• **THE TASK**:
Please return the records below exactly as they stand, with the pictures removed.

• **SUPPLIED DATA**:

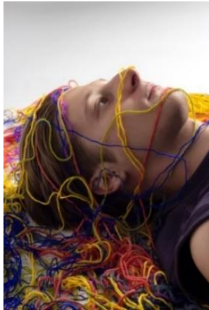
3 pav. Stereotipo „Gydymo(si) baimė – nuomonė, jog šnekėjimas nieko nepakeis“ vizualas
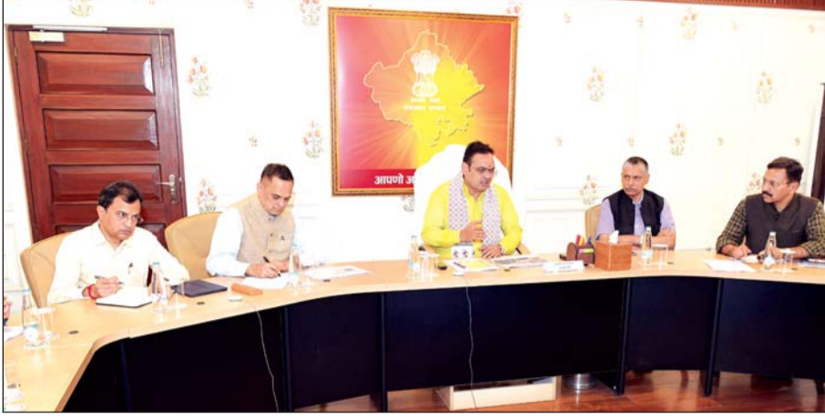
मुख्यमंत्री भजनलाल शर्मा ने गुरुवार को मुख्यमंत्री कार्यालय में जयपुर मेट्रो रेल परियोजना की प्रगति को लेकर अधिकारियों की बैठक की।

(मानसरोवर-अजमेर रोड चौराहा) की परियोजनाओं को गति देने के भी निर्देश दिए। मुख्यमंत्री शर्मा ने जनसंख्या घनत्व एवं ट्रैफिक के दबाव को ध्यान में रखते हुए भविष्य में दिल्ली रोड एवं
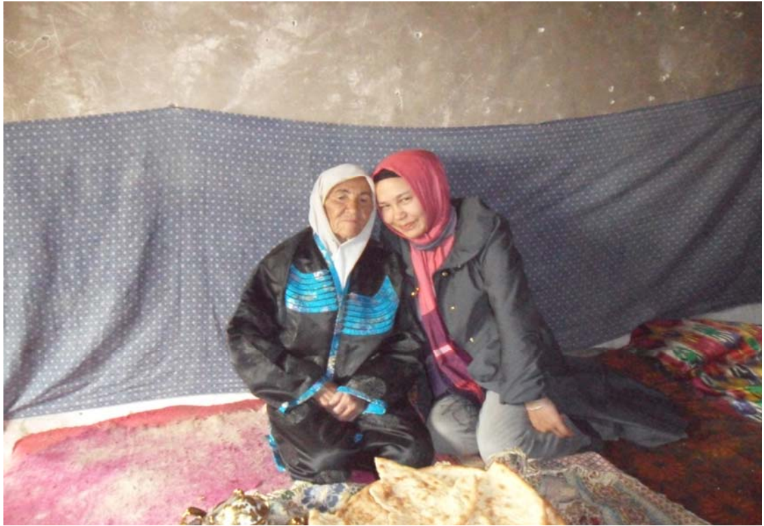
Çalışmamızdan bir hatıra fotoğraf
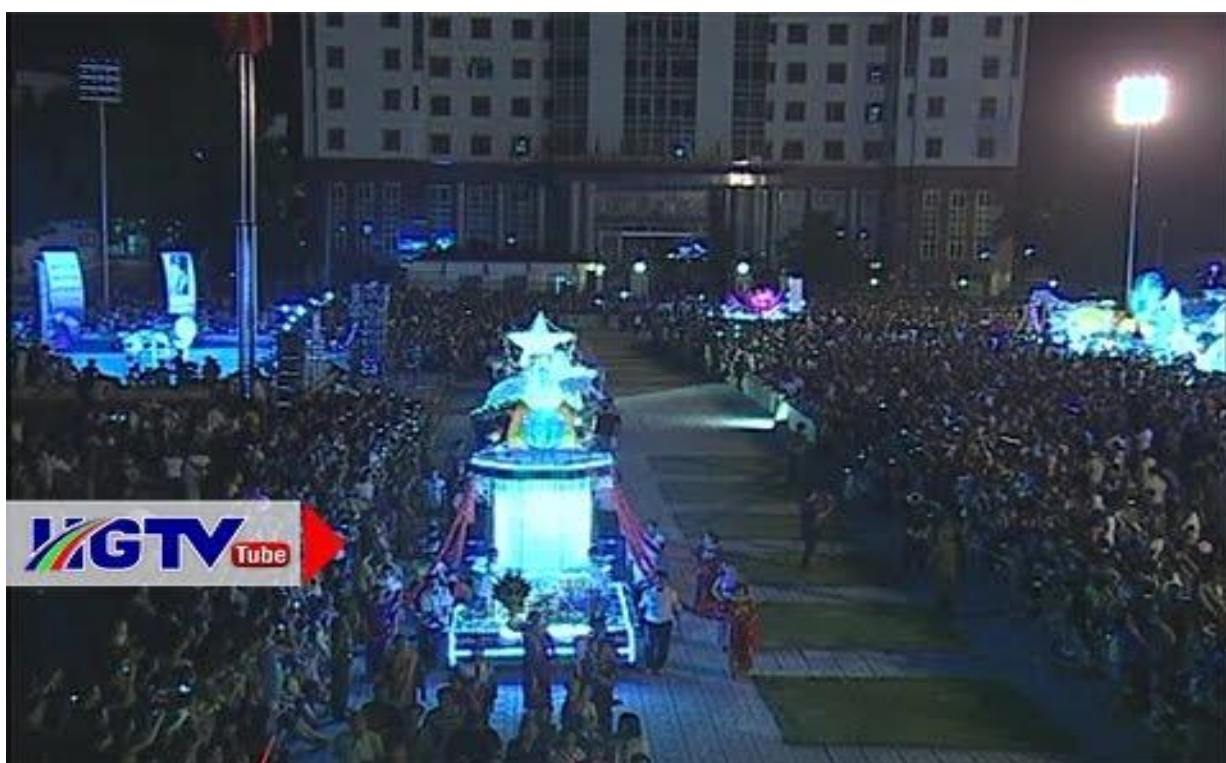
Lễ hội đường phố
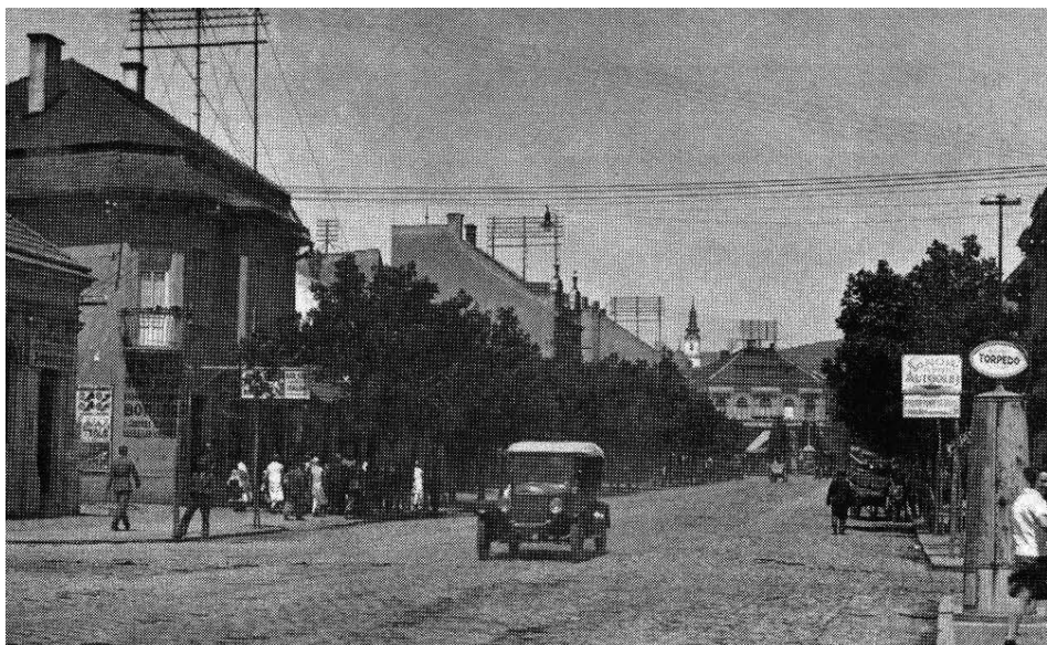
A takýto bol pohľad na vtedajšiu Masarykovu ulicu v roku 1929 a dnešnú Štefánikovu triedu.

• **PROBLEM SOLUTION**:
3 pav. Stereotipo „Gydymo(si) baimė – nuomonė, jog šnekėjimas nieko nepakeis“ vizualas
मुख्यमंत्री भजनलाल शर्मा ने गुरुवार को मुख्यमंत्री कार्यालय में जयपुर मेट्रो रेल परियोजना की प्रगति को लेकर अधिकारियों की बैठक की।

(मानसरोवर-अजमेर रोड चौराहा) की परियोजनाओं को गति देने के भी निर्देश दिए। मुख्यमंत्री शर्मा ने जनसंख्या घनत्व एवं ट्रैफिक के दबाव को ध्यान में रखते हुए भविष्य में दिल्ली रोड एवं
Çalışmamızdan bir hatıra fotoğraf
Lễ hội đường phố
A takýto bol pohľad na vtedajšiu Masarykovu ulicu v roku 1929 a dnešnú Štefánikovu triedu.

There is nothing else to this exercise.